It’s taken me years to pay attention to the meaning of songs. Typically, the music carries me and as much as the lyrics that accompany the rousing swell of chords and trills and all the other things that make up the sounds in my ears, entrance me, I have forgotten to pay attention.
By chance the other day I came across an old YouTube clip of the comedian Norman Gunston hamming up the famed version of Delilah. The underlying descriptor: family violence, and I realised this song deals with murder.
Our narrator takes a knife to his beloved Delilah and begs her forgiveness after he shoves his knife into her for laughing at him. That is after he confronts her for making love to another man, because ‘he just couldn’t take any more’.
A song like this would not make the airwaves today. It conveys everything we know to be problematic about a person’s inability to handle feelings of jealousy or rage or whatever it is that the character who sings to Delilah just can’t take. As if it’s okay to knife someone out of thwarted love or desire.
A couple walking past our house this morning stopped to ask whether the gargoyle in our front garden is one of Graham Foote’s.

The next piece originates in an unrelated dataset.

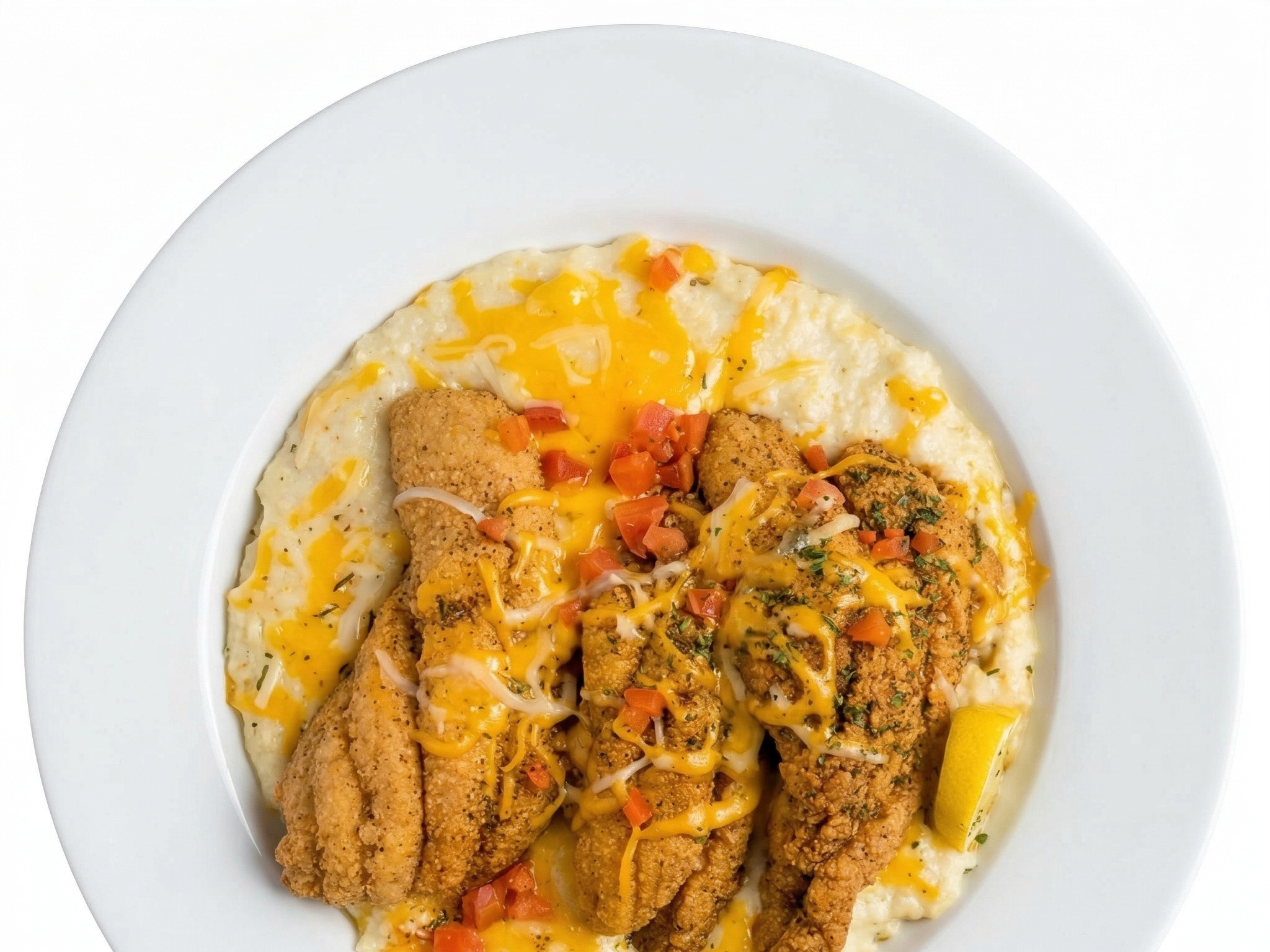 Mississippi farm-raised catfish filets fried or blackened, served on a bed of cheese grits, served with a Cajun cream sauce. Add shrimp for an additional price

It is, I told her, and we talked of the sculptor who has plastered Melbourne with gargoyles far and wide, on roof tops and in gardens.
We bought our gargoyle from Graham Foote when he worked from rooms in a huge and grand Queen Anne style house in Canterbury Road not far from where we live. Foote’s gargoyles graced this old building too.

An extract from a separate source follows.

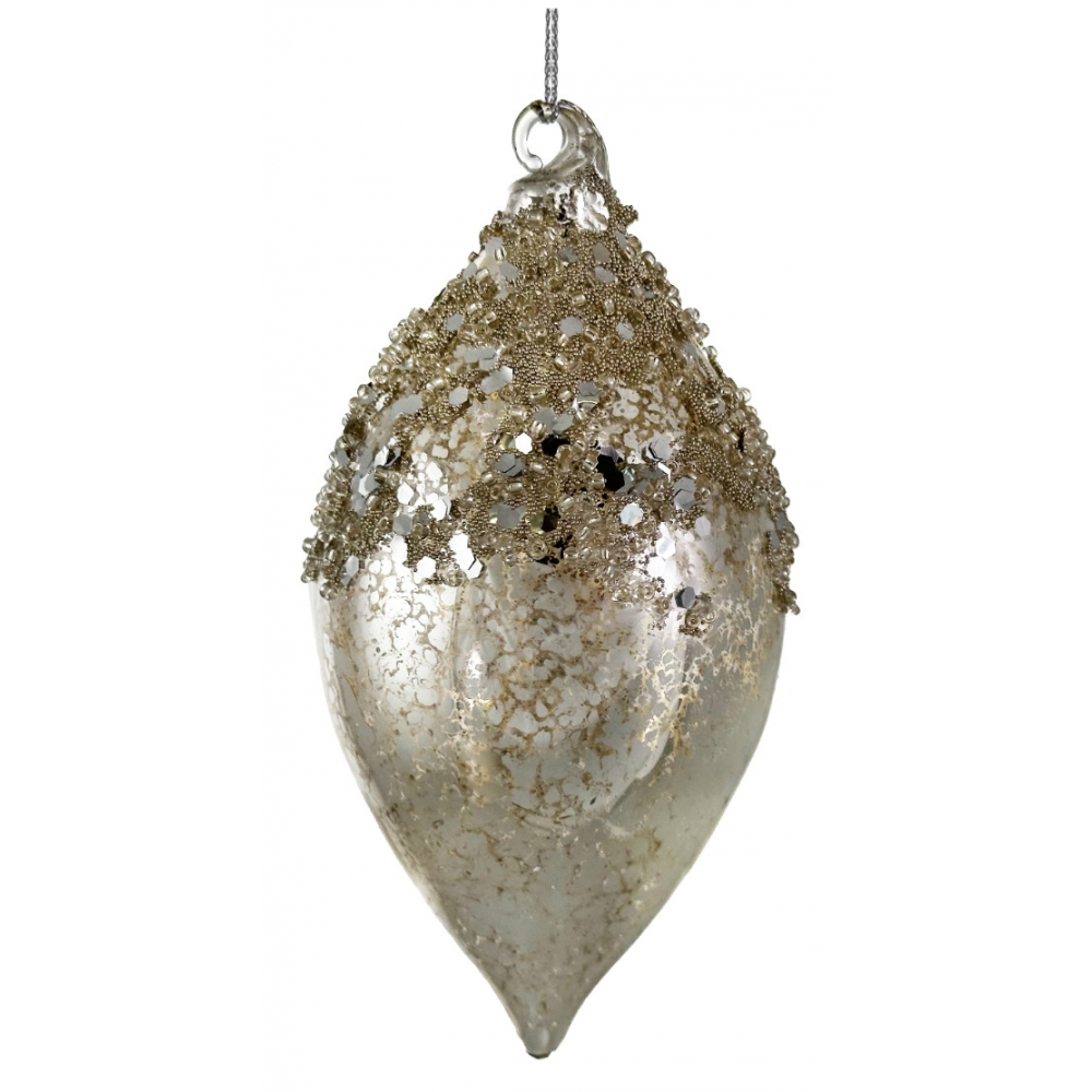 Ozdoba kapka skleněná stříbrná antique s korálky 12 cm

Things were tight in those days, and we chose to pay for our gargoyles on the drip feed. Every month I visited the office in the Canterbury house with a cheque for $100.00. I paid off the cost, as Foote worked on the gargoyle.

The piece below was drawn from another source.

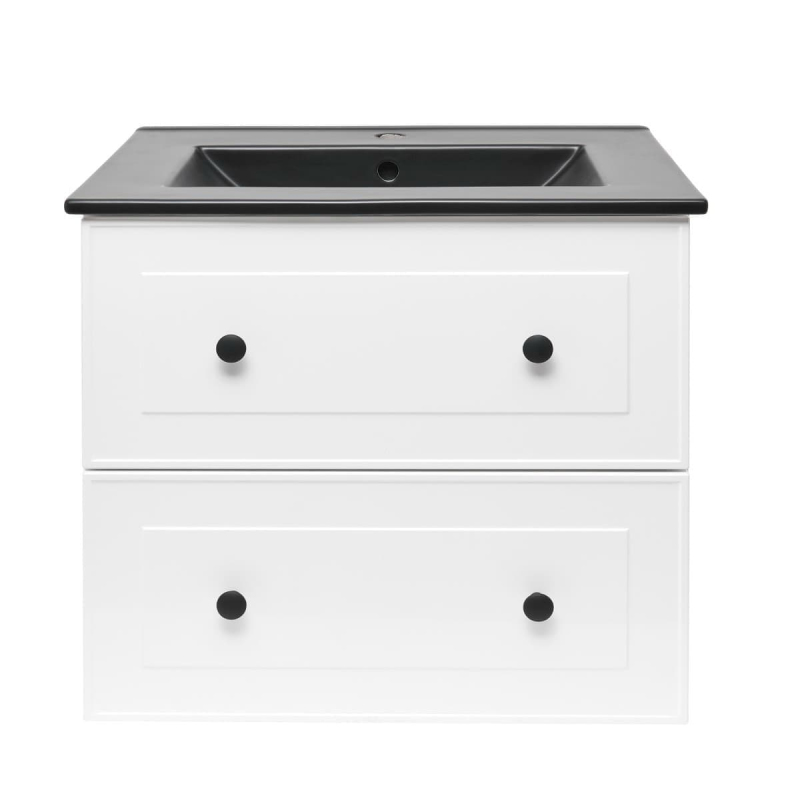Závěsná koupelnová skříňka s keramickým umyvadlem v bílé barvě s lesklým povrchem o rozměru 60x53x46 cm. Povrch v provedení fólie.

It was a tough time for me then. Between babies, I had developed a breast lump that I feared might be cancer – it was not – and soon suffered a miscarriage.
The gargoyle represented something from my childhood. There were gargoyles on the roof of the building over the road from my school which the nuns must have owned. A Victorian single storey house, they converted its interior into a studio were the art students painted on Saturday mornings.
My elder sister was one such budding artist and one day she came home with a charcoal sketch of a gargoyle and told me about the creature’s origins. How gargoyles sat on roof spires and along the gutters to ward off evil spirits. They were meant to be hideous as a warning to troublemakers. It seems a much gentler way to say ‘stay away’ compared to a knife in the heart such as Delilah copped.
From the bottom of a well, the stars above look huge, or so Haruki Murakami tells us in his Wind Up Bird Chronicles. The notion intrigues me. As though the tunnel of the well becomes a telescope into the night sky and with all other distractions in the landscape eliminated, the person at the bottom of the well gets a clear view of the night sky above.
You can do something similar on a much smaller scale if you cup your hands together to form a cylinder and then look through the space you have created. Whatever you observe seems magnified, purely because it has lost all peripheral elements which might dwarf its size.
Is this why we speak of tunnel vision when people can only see things close-up but in limited quantities, as though they can’t take in the perimeters of their lives and other people’s lives. Like horses in blinkers who are blocked from seeing what lies beyond the road ahead. They stay focussed on the task.
It puts me in mind of the word ‘hoodwink’, the way it derives from the hood falconers once used, and presumably continue to use, to cover their birds’ heads when resting, so that they will not be distracted by the sight of potential prey.
Prey drive, our dog trainer tells us, is a compelling force for a dog and once in prey drive, it’s as if the dog loses all sense of control. The dog does not hear you then, so intent on hunting down their prey.
For a dog it can be as simple as a ball on the other side of a field. That is for a dog who is ball-obsessed. A look in the eye that in itself becomes one of tunnel vision. A stance that says, I must have that ball. Like our narrator in Tom Jones’s Delilah who just can’t take any more.
I spent eight years of my life working on a thesis that explored the nature of life writing and the desire for revenge. A feeling that can so possess a person, they lose their reason. But as I argued in my thesis, the desire for revenge is part of a journey. That is, if we can hold onto the feelings, the sensations of pain and rage and not act on them. If we can sit in our blinkered state nursing our griefs and rage, pain that is typically attached to shame, then we can emerge with a clearer view.
Like a rising star or the moon in full glow, to use someone else’s words borrowed from somewhere. I can’t remember where, so many words cross my field of vision, so many ideas clutter my crowded mind.
Other’s people’s words have long intrigued me. When I was young and read books, I thought that I would never be able to put ideas into words. I borrowed other people’s words almost verbatim, ashamed to put my own thoughts into my own words.
It has taken me years to get beyond this tunnel view that says other people’s words are superior.
Everybody’s words matter but how they’re used makes all the difference.